Former Equifax CEO Richard Smith testified several times before congressional committees late last year. “Equifax was entrusted with Americans’ private data and we let them down,” he said in written testimony to a House energy and commerce subcommittee in October. “To each and every person affected by this breach, I am deeply sorry that this occurred.”

A report from the office of Sen. Elizabeth Warren (D-Mass.) released on Feb. 7 accuses Equifax of not letting consumers know that their passport numbers were also accessed by hackers.

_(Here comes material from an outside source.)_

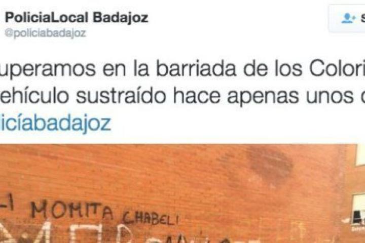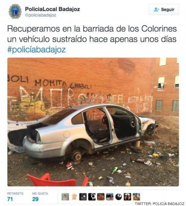 En un tuit que posteriormente fue eliminado, la Policía de Badajoz informaba de que se había recuperado en la barriada de los Colorines un vehículo "sustraído hace apenas unos días". La foto que aparecía junto al mensaje era la de un coche destartalado, sin asientos, ni ruedas, en una zona abandonada.
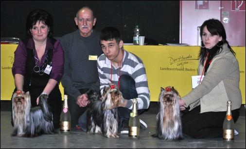 From Left: Cinamon Blandy's Madeira (BOB), owner: Janka Schurler / CH Armin Kriechbaumer (judge) Your Angel Wild Fantasy (Best Junior), owner: Kerstin Meyer Playmaker of Bregadoon (BOS), breeder/owner: Kerstin Meyer

In a statement to the Wall Street Journal, an Equifax spokeswoman said an investigation into the hack “showed that passport numbers were not included in the information accessed by the hackers.”

In September, the Senate Finance Committee sent Equifax a long list of questions seeking answers about how the hack occurred.

“Equifax is a critical partner of the Internal Revenue Service, Centers for Medicare & Medicaid Services, the Social Security Administration and other federal agencies that are the sources and recipients of the some of the most sensitive information affecting individuals, as well as the targets of the vast majority of identity theft fraud against taxpayers,” the letter said. “If the names, Social Security numbers, birth dates, and other information of 143 million Americans are now in the hands of cybercriminals, this breach will cause irreparable harm to programs within this Committee’s jurisdiction by way of stolen identity refund fraud, healthcare fraud, and entitlement fraud.”

Clements suggests one way to prevent a hack like this from happening again is setting a minimum standard of security protocol, enforceable by the federal government. But it’s a “constant game of cat and mouse” to develop that kind of legislation, he said, because as lawmakers, the tech community and consumers get more savvy in preventing exposure, criminals get better at finding ways around our solutions.

Where else can I go for help?

Clement says that you can pay for resolution services, which means you provide a firm with power of attorney to handle the dispute and legal response in the case of a hack.

Another is to use government resources like Identifytheft.gov. Here, you’ll begin resolution services, going through the multi-step process to resolve financial damages stemming from a hack.